There is some work done on this (The Compressor: Concurrent, Incremental, and Parallel Compaction by Haim Kermany and Erez Petrank).

Well, Zing is a HotSpot-based JVM with a concurrent compacting collector...

To quote Michael Wolf from a recent conversation: "It's the difference between Computer Science and Engineering..."

Concurrent compacting collectors (in both copy and other object moving forms) have been around in academic works for over 30 years. The variations of Baker's single generation copying collectors included both incremental and concurrent forms. The variations on collectors that can concurrently move objects without stopping the world abound.

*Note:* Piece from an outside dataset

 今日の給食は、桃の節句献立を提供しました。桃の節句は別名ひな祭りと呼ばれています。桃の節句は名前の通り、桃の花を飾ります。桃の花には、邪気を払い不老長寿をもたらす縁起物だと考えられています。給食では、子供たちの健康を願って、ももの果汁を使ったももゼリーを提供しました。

AFAIK, *ALL* forms of concurrent moving collectors apply some type of read barrier. Something that appears to be "hard" for most commercial runtimes to do for some reason. Also AFAIK, Azul's Pauseless and C4 collectors are the only concurrent moving collectors to ever actually ship in commercial JVMs - Vega and Zing, which are both HotSpot-based JVMs. Both Pauseless and C4 employ and strongly depend on a new [as in "previously unknown"] form of read barrier - the Loaded Value Barrier [LVB]. So it *may* be that the self-healing quality of the LVB bridges the practicality gap. Or it may be just plain coincidence, and we may see other forms of read-barrier based moving collectors appear in the future.

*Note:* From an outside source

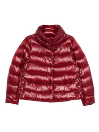 quilted high-neck padded jacket Highlights - Herno women's down jacket, red, water-repellent silky-effect nylon, gold metal, high neck, pockets with horizontal zip on front, side slits with logo buttons and contrasting fabric monogram motif, metal plate with logo on back, closure with hidden buttons, injected padding with very fine goose down, regular fit, wr treatment, medium insulation.100% polyamide; lining:100% polyamide; padding:90% duck down, 10% feathers; Imported Composition Outer: Polyamide 100%, Polyester 61%, Cotton 39% Lining: Polyamide 100%, Goose Down 90%, Goose Feather 10% SIZE & FIT Model measurements Height 5 ft 10 in(1.78 m) Bust/Chest 31.49 in(80 cm) Hips 37 in(94 cm) Waist 23.62 in(60 cm) FittingInformation Designed to be unstructured, offering a loose fit throughout Made from a padded non-stretch fabric, giving it no natural elasticity Washing instructions Hand Wash

One of the simplest examples of the gap between academic work and engineering as it relates to concurrent moving collectors can be found in the  metrics of memory manipulation. Pauseless was the first collector algorithm to apply what we call the "quick release" technique (manipulating virtual-to-physical mappings and out-of-page forwarding matter to support efficient, single-pass full heap or space compaction without requiring double the physical memory) that was later used by The Compressor [a year later, although they seemed to have been unaware of the Pauseless publication at the time]. The same technique is employed in the C4 collector (which can be thought of as a generational variant of Pauseless, supporting dramatically higher sustainable allocation rates). The sustainable rate with which the C4 collector implementation in Zing (running on regular x86 hardware and Linux OS platforms) currently performs the required mapping manipulation operations is literally 4-6 orders of magnitude  (as in 10,000x to 1,000,000x faster) than the speed found in alternative/academic implementations [You can see some details of this gap in section 5.2 of the C4 paper]. That's the sort of gap that makes the difference between theory and practice; as in between a 20 usec phase flip in an otherwise concurrent system, and a 20 second stop-the-world pause - pretty important when you are trying to maintain concurrent mutator operation.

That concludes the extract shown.